Some of the overly-cautious networking approaches I’ve seen include making a VPC for every single application / service, using a NACL for every application (multiplied by every AZ used to isolate each subnet and cutting off cross-AZ routing thereby, of course), creating your own NAT instance that doesn’t do anything better than a NAT gateway, NAT gateways in every AZ (for a whole $1 of traffic / mo each). The story of problems in AWS infrastructure is the same - trying to plan too far ahead for the wrong things and not realizing the limitations of the right things that are not flexible anymore. This is much more common when companies hire traditionally experienced network engineers that have just a little too much confidence.

devonkim | 5 years ago

For the public subnets where the NAT gateways are, you can use 1 route table for all public subnets together.

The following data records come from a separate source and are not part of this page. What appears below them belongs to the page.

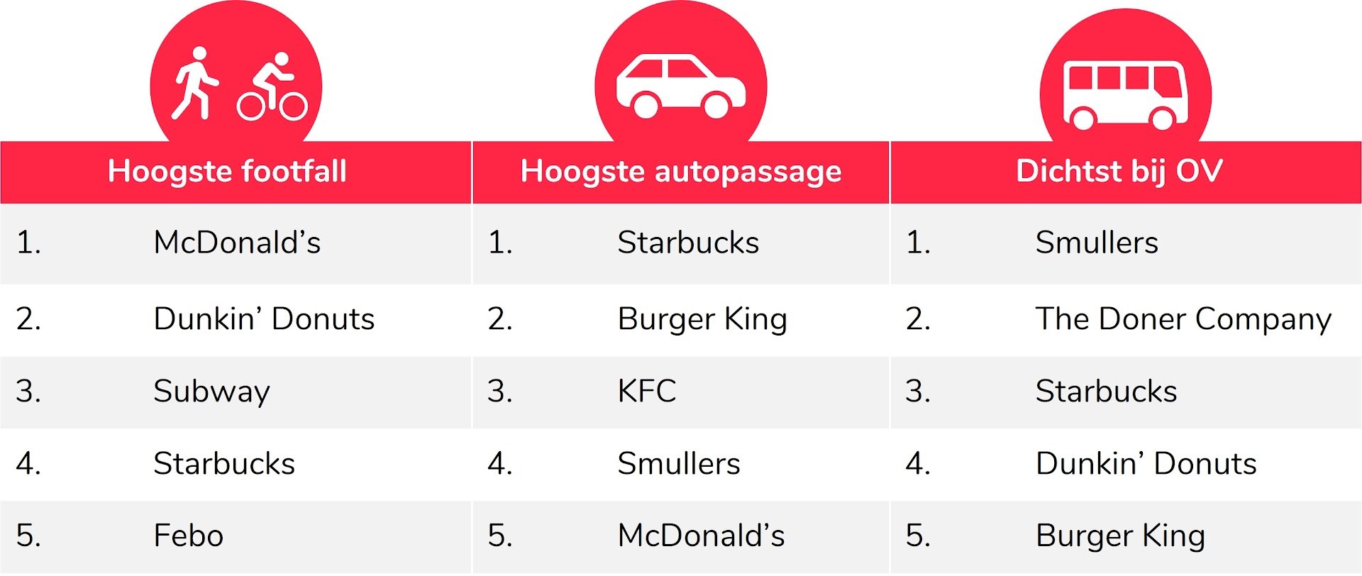 McDonald’s, Dunkin’ Donuts, Subway, Starbucks en Febo behoren tot de laatste categorie. Deze fastfoodspelers kom je het vaakst tegen in binnensteden met veel footfall.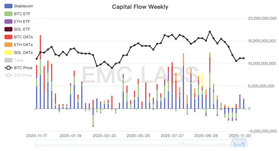 12月1日,美联储停止QT并通过临时回购(Repo)提供约165亿美元短期流动性。美国财政部做了两次美债“回购”,合计 145 亿美元。这稍微缓解了市场短期流动性,但尚不足以对BTC这类高β资产形成流入促进。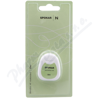 Spokar N dentální voskovaná nit 50 m pro čištění mezizubních prostorů. Zubní nit je pokrytá slabou vrstvou vosku, proto lépe klouže po povrchu zubu a usnadňuje čištění.

Besides that: nice article

mvanbaak | 5 years ago

The title says "everything you need to know about networking on AWS". I wish it were this simple.

The article is well written, but it simply represents maybe 1% of what you need to know here. I would have called it "A simple introduction to networking on AWS".

simonebrunozzi | 5 years ago

Does anyone know of any similar resources for Google Cloud?

rkangel | 5 years ago

AWS security groups and ACLs are the most worthless things. you cant treat them like a real firewall. you end up just allowing anything outbound or inbound. they dont let you be detailed enough

Gelob | 5 years ago

Ugh! That's the most complex explanation of AWS I've ever seen.

He just described a NETWORK, not AWS.

AWS has renamed lots of things, but all the scary text configs that used to be the domain of wizened sysadmins have been replaced with very simple single-page-app GUI controls. LIke routers and gateways: those terms are largely gone from the AWS vocabulary.

No need to get into subnets and route tables I think.

The majority of clients I've worked with use AWS for web hosting with an ELB load balancer (the most important part), an EC2 instance policy & image (for handling traffic fluctuations), an RDS (database), an S3 and Route53 (external DNS entries)

Point the load balancer to the outside world and then let it spin up instances. That's the most common model I've encountered.

IT's almost cartoonishly simple compared to what the OP wrote here. Almost. Having an understanding of network architecture helps, but not THAT much.

iheartpotatoes | 5 years ago